*PROBLEM DETAILS*. In how many lines of the listing below does "from" appear? Give only the figure.

*MATERIAL PROVIDED*.
────────

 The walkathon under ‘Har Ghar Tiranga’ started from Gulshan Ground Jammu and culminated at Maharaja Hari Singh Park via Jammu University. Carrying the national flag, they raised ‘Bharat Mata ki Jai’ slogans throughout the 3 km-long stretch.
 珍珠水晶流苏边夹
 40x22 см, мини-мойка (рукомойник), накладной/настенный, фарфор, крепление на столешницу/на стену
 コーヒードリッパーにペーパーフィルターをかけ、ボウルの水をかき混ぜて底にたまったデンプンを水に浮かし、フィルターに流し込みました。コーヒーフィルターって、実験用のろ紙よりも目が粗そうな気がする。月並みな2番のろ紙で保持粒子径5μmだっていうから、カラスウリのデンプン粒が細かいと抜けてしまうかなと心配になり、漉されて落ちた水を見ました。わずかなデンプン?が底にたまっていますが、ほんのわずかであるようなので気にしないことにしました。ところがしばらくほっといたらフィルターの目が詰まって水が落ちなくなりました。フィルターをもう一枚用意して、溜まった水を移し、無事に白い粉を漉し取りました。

────────

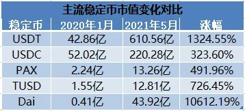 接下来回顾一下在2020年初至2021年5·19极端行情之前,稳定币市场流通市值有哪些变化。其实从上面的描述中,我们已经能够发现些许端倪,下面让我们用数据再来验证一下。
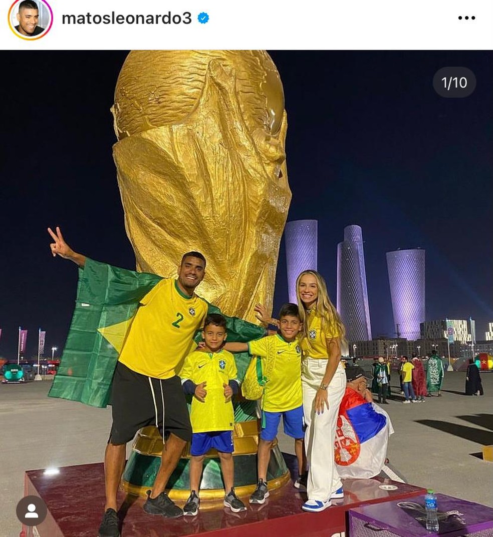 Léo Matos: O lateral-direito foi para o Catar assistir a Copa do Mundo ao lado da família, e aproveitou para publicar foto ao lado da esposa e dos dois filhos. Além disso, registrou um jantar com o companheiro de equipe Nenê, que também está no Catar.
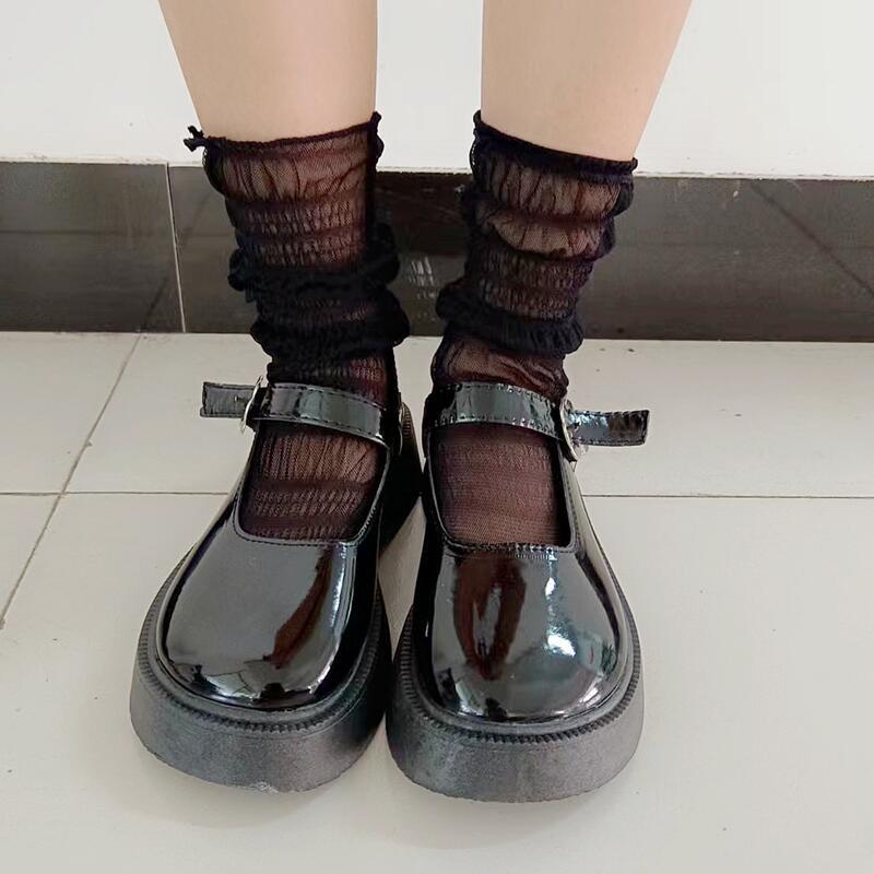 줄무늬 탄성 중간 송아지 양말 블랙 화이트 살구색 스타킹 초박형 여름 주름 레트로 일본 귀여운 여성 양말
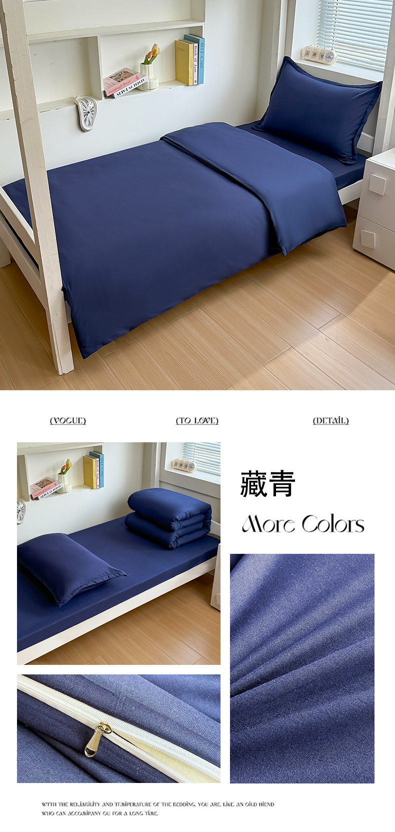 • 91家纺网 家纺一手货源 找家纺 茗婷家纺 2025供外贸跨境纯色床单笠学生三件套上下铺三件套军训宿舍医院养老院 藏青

────────

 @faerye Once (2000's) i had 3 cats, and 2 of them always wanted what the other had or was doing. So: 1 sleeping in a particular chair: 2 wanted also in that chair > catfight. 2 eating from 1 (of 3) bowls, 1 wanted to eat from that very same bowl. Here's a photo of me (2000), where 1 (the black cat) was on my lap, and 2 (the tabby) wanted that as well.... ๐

────────

*ANSWER*. 2